*Source data*:
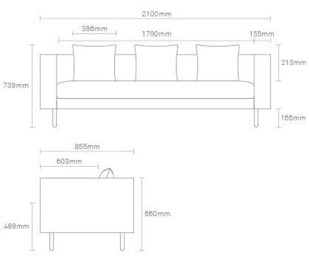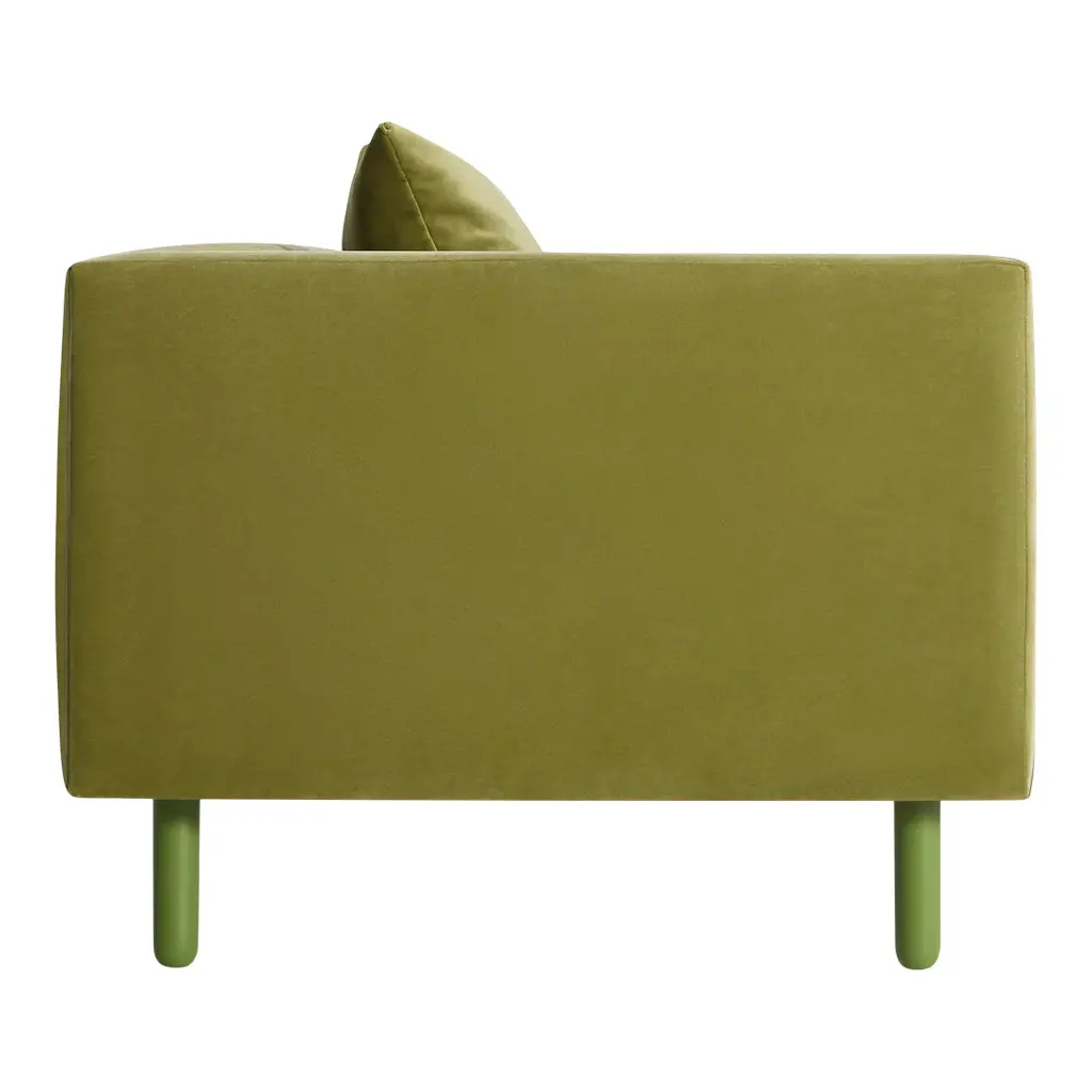 Streamline simplicity. One cushion, one color, one throw pillow – all dreamy.Hart sand and spitzer grey features walnut legs. All other sofas have solid wood legs painted to match the upholstery.
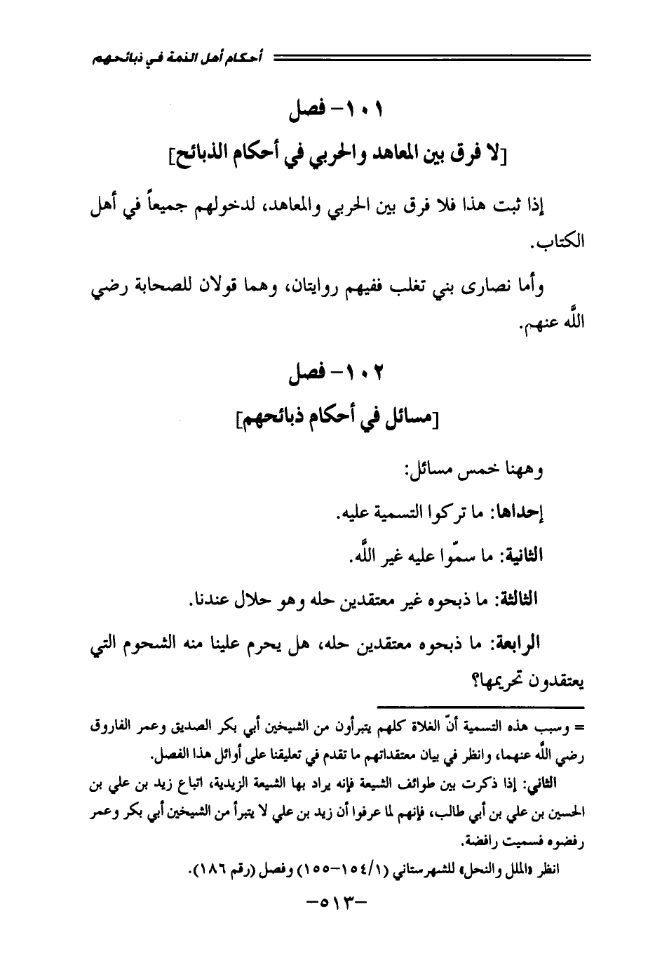 [فَصْلٌ مَسَائِلُ فِي أَحْكَامِ ذَبَائِحِهِمْ]
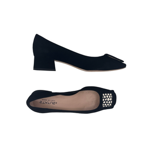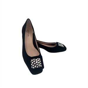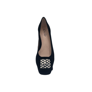 Décolleté in camoscio con applicazione bicolore tacco 3 cm.
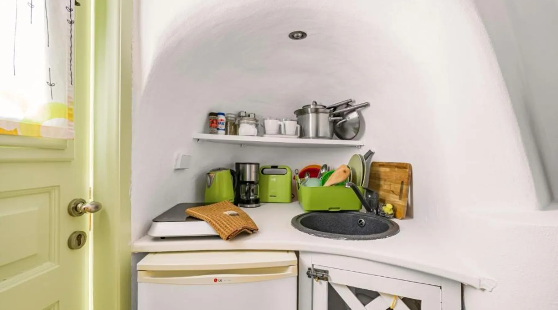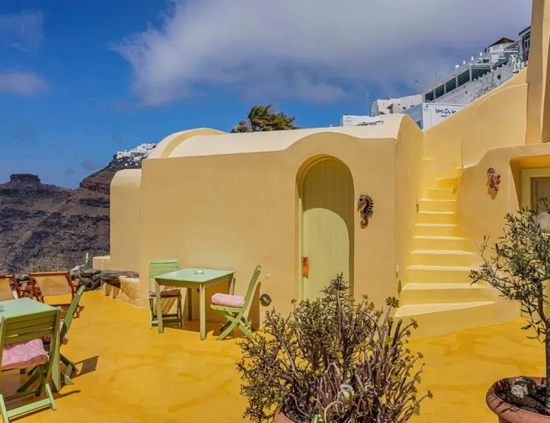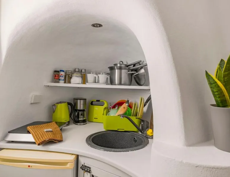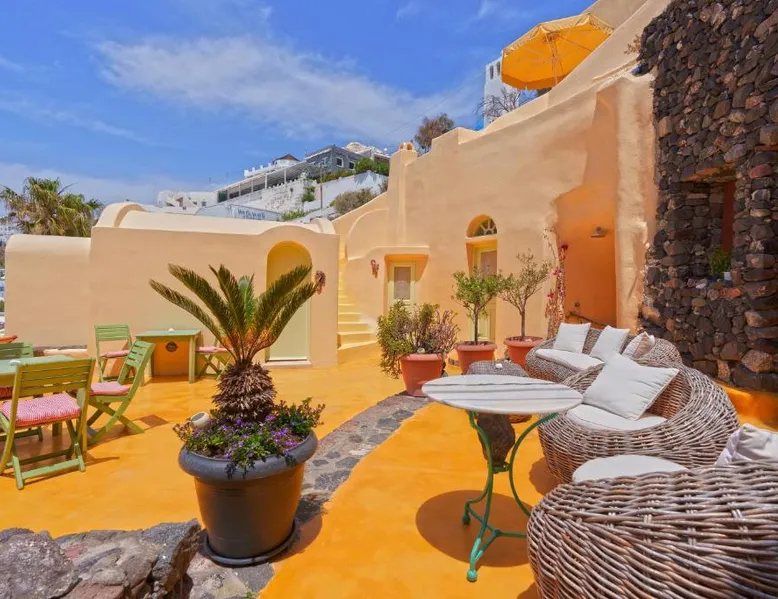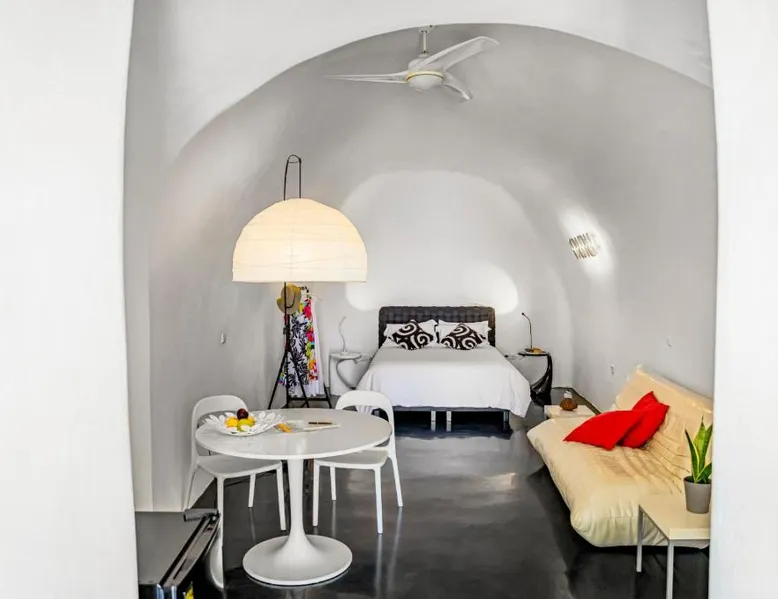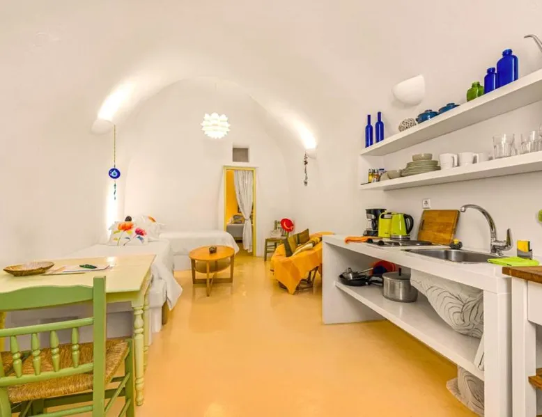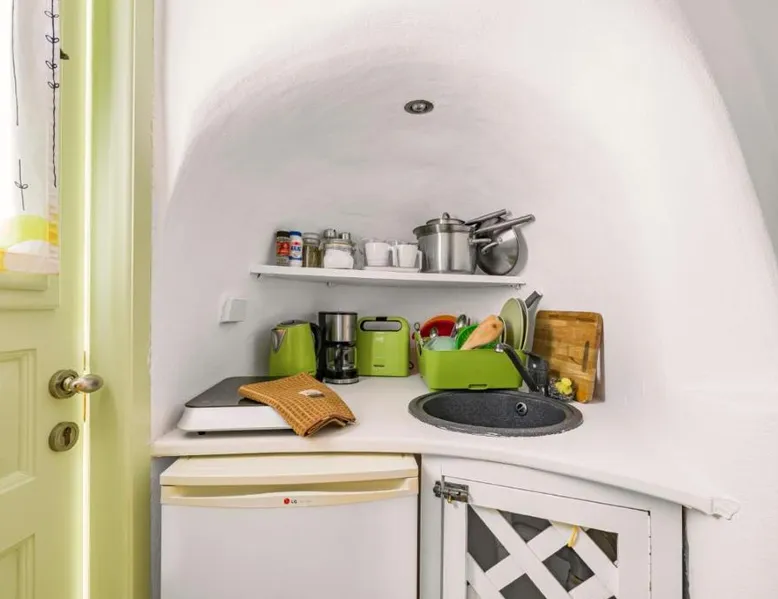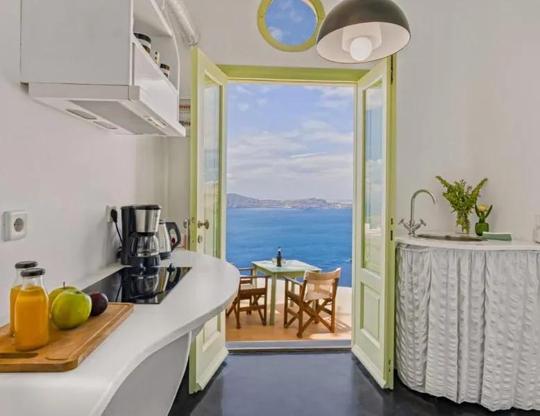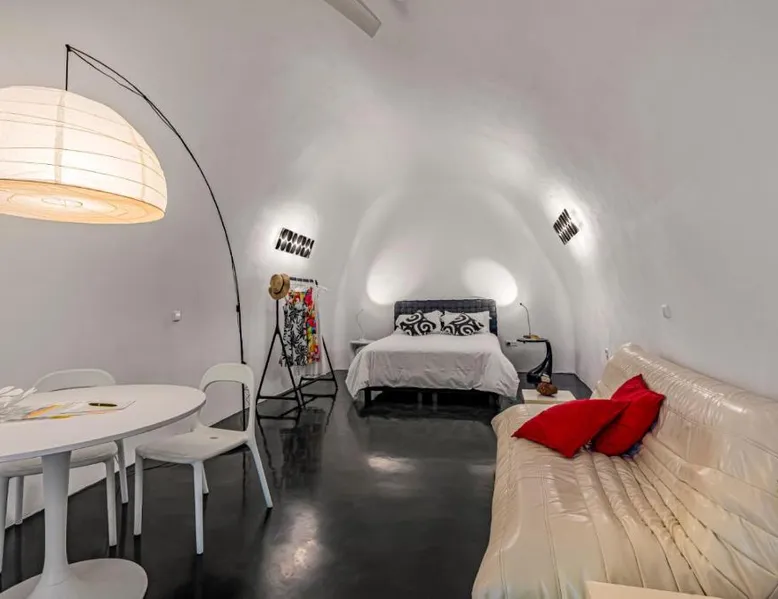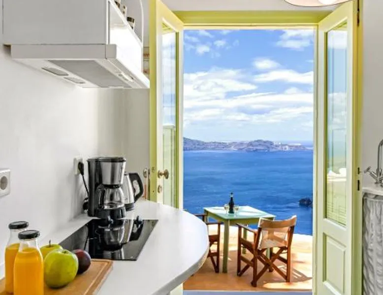 Historic Setting: Sensyo Caves in Firostefani offers a unique apartment housed in a historic building. Guests enjoy sea views and a private terrace, complemented by free WiFi. Comfortable Amenities: The apartment features air-conditioning, a kitchenette, and a private bathroom. Additional amenities include a balcony, patio, and outdoor seating area. Convenient Services: Private check-in and check-out, a paid shuttle service, concierge, and daily housekeeping ensure a comfortable stay. Bike hire and luggage storage are also available. Local Attractions: Located 4.3 mi from Santorini International Airport, the property is near the Archaeological Museum of Thera (8-minute walk) and Megaro Gyzi (1969 feet). Boating and scuba diving are popular activities in the surroundings. Offering direct views over the caldera from its shared terrace, this studio has a toaster and soundproofing. Has sofa, and kitchenette .

*Required work*:
Skip the pictures and copy exactly the lines from the one containing "[فَصْلٌ مَسَائِلُ فِي" through the end of the material, both ends included.

*Your solution*:
 [فَصْلٌ مَسَائِلُ فِي أَحْكَامِ ذَبَائِحِهِمْ]
 Décolleté in camoscio con applicazione bicolore tacco 3 cm.
 Historic Setting: Sensyo Caves in Firostefani offers a unique apartment housed in a historic building. Guests enjoy sea views and a private terrace, complemented by free WiFi. Comfortable Amenities: The apartment features air-conditioning, a kitchenette, and a private bathroom. Additional amenities include a balcony, patio, and outdoor seating area. Convenient Services: Private check-in and check-out, a paid shuttle service, concierge, and daily housekeeping ensure a comfortable stay. Bike hire and luggage storage are also available. Local Attractions: Located 4.3 mi from Santorini International Airport, the property is near the Archaeological Museum of Thera (8-minute walk) and Megaro Gyzi (1969 feet). Boating and scuba diving are popular activities in the surroundings. Offering direct views over the caldera from its shared terrace, this studio has a toaster and soundproofing. Has sofa, and kitchenette .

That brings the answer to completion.